Rápidamente, corrió el conde tras ella, atravesó la puerta del muro del cementerio, que halló abierta. Al resplandor clarísimo de la luna vio un círculo de espantosas figuras fantasmales. Viejas mujeres semidesnudas, con el cabello desmelenado, hallábanse arrodilladas en el suelo, y se inclinaban sobre el cadáver de un hombre, que devoraban con voracidad de lobo. ¡Aurelia hallábase entre ellas! Impelido por un horror salvaje, el conde salió corriendo irreflexivamente, como preso de un espanto mortal, por el pavor del infierno, y cruzó los senderos del parque, hasta que, bañado en sudor, al amanecer encontróse ante la puerta del palacio. Instintivamente, sin meditar lo que hacía, subió corriendo las escaleras, y atravesó las habitaciones hasta llegar a la alcoba. La condesa yacía, al parecer entregada a un dulce y tranquilo sueño. El conde trató de convencerse de que sólo había sido una pesadilla o una visión engañosa que le había angustiado, ya que era sabedor del paseo nocturno, del cual daba trazas su manto, mojado por el rocío de la mañana.

Sin esperar a que la condesa despertase, se vistió y montó en su caballo. La carrera que dio a lo largo de aquella hermosa mañana a través de los arbustos aromáticos, de los que parecía saludarle el alegre canto de los pájaros que despertaban al día, disipó las terribles imágenes nocturnas; consolado y sereno regresó al palacio.

Como ambos, el conde y la condesa, se sentasen solos a la mesa, y como de costumbre ésta tratase de salir de la estancia a la vista de la carne guisada, dando muestras del mayor asco, se le hizo evidente al conde, en toda su crudeza, la verdad de lo que había contemplado la noche anterior.

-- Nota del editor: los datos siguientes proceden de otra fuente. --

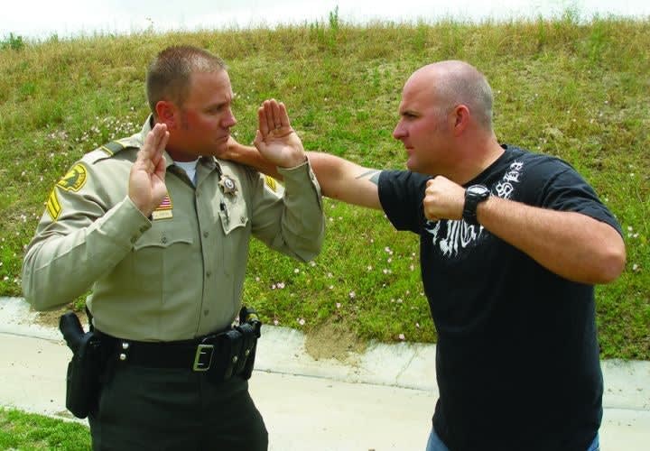 There are arguments for and against law enforcement officers using closed-hand punches. It can be better to avoid hitting a suspect with your bare knuckles so you don't injure your hands so you can't pull a trigger, hold a baton or continue striking with a broken hand. Here are four safer strikes—palm strike, bottom fist strike, knee strike and elbow strike—when dealing with a violent suspect. Our related article, "Safer Strikes," explains how to avoid bloodborne pathogens.
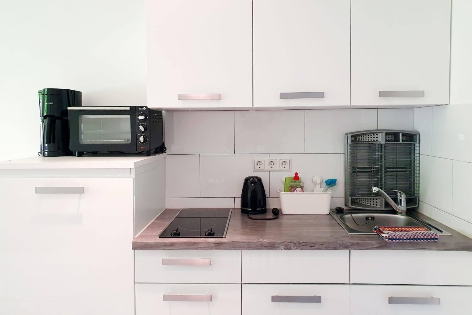 Unsere Unterkünfte verfügen über einen Sitz- und Essbereich sowie über eine Küche mit einem Toaster, einem Kühlschrank, einem Kochfeld, einer Kaffeemaschine und einem Wasserkocher. Das eigene Bad ist mit einer Dusche und kostenlosen Pflegeprodukten ausgestattet. Handtücher und Bettwäsche werden gestellt.

Poseído del mayor furor se levantó de un salto y gritó con voz terrible:

—¡Maldito aborto del infierno, ya sé por qué aborreces el alimento de los hombres, te cebas en las tumbas, mujer diabólica!.

Apenas había proferido estas palabras, la condesa, dando alaridos, se abalanzó sobre él con la furia de una hiena y le mordió en el pecho. El conde dio un empujón a la rabiosa mujer y la tiró al suelo, donde entregó su espíritu en medio de las convulsiones más espantosas. El conde enloqueció.